Question

) A vehicle owner fuels his/her car with pure octane. What quantity of CO2 (in kg) goes into our atmosphere in one year of their automobile use? (This person spends $1500 per year on gasoline, and that gas costs $3.00 per gallon) Show your work. 1 gallon of gas weighs 6 pounds. 1 kg is 2.2 pounds.

Answer 1

I’ll send someone to come and help you

Answer 2

Money spent on fuel in 1 year is $1500, the cost of fuel is $3.00 per gallon. Thus, gallon of fuel used in 1 year can be calculated as follows:

$3 =1 gallon

$1=\frac{1}{3}gallons

Thus, $1500=\frac{1500}{3}gallons=500 gallons

converting this into m^{3}

1 gallon=0.0037 m^{3}

Thus,

500 gallons=1.8927 m^{3}

The fuel used is pure octane, the density of octane is 703 kg/m^{3} thus, mass of octane used can be calculated as follows:

m=d×V=703 kg/m^{3}×1.8927 m^{3}=1.33\times 10^{3} kg or 1.33\times 10^{6} g

Now, molar mass of octane is 114.23 g/mol

converting mass into number of moles as follows:

n=\frac{m}{M}=\frac{1.33\times 10^{6}g}{114.23 g/mol}=1.167\times 10^{4}mol

The reaction for combustion of octane is as follows:

2C_{8}H_{18}+25O_{2}\rightarrow 16CO_{2}+18H_{2}O

From the balanced reaction, 2 moles of octane gives 16 moles of CO_{2} thus, 1 mole of octane will give \frac{16}{2}=8 moles of CO_{2}.

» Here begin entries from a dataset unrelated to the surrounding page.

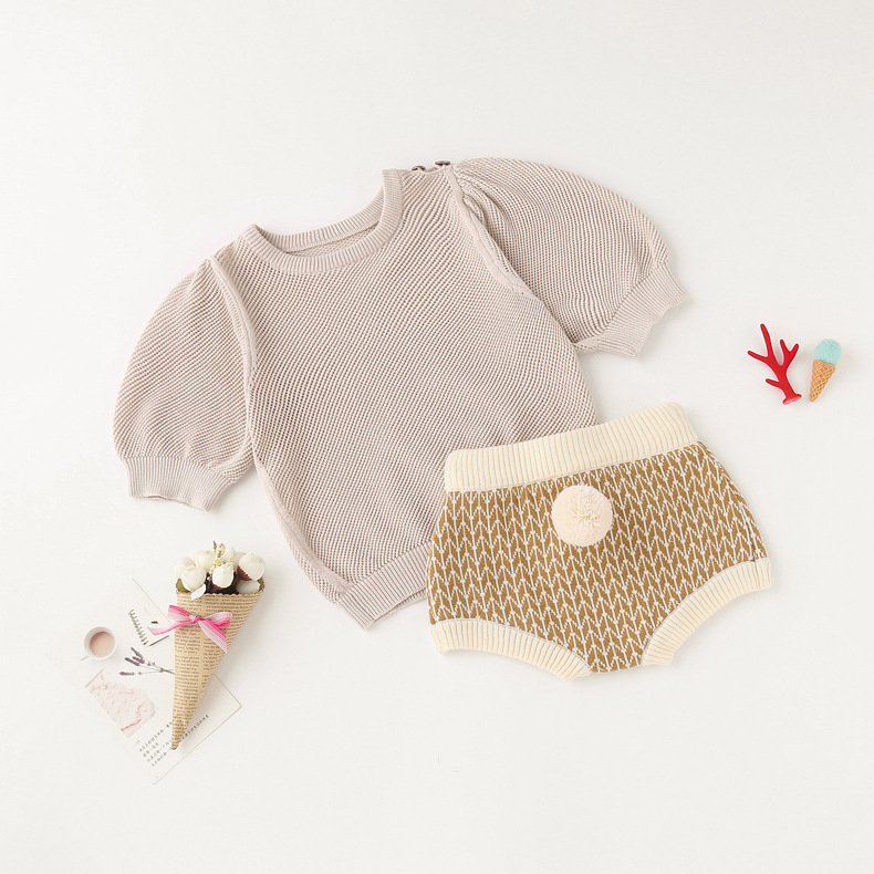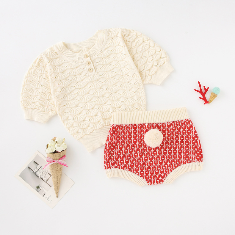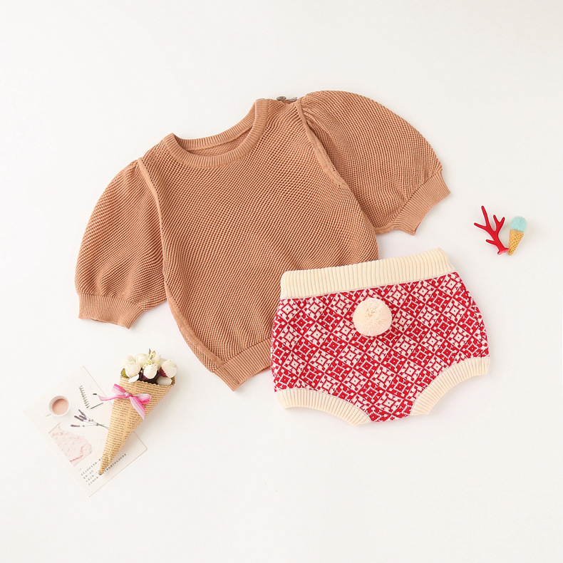 2022新款女宝宝针织短裤可爱尾巴短裤提花毛线裤韩版女童裤子秋冬
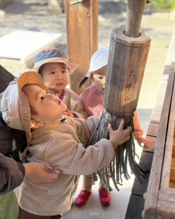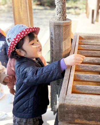 お賽銭を入れたり、鈴を鳴らしたりと、少し緊張しながらも保育者の真似をしながら真剣な表情を浮かべていました。
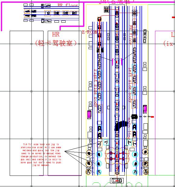 主焊線共13個工位,采用升降滾床+滑橇輸送形式;左右側圍總成上線采用人工預裝上線,前頂橫梁、后頂橫梁采用人工預裝上線,頂蓋總成上線采用人工吊具上線;發艙總成、前底板總成、后底板總成采用吊具上線。

1.167\times 10^{4}mol of octane =8\times 1.167\times 10^{4}mol=9.34\times 10^{4} mol of CO_{2}.

Now, molar mass of CO_{2} is 44.01 g/mol, mass can be calculated as follows:

m=n×M=9.34\times 10^{4} mol ×44.01 g/mol=4.11×10^{6} g.

converting into kg, mass of CO_{2} produced will be 4.11×10^{3} kg.

Thus, quantity of CO_{2} goes into our atmosphere in 1 year is 4.11×10^{3} kg.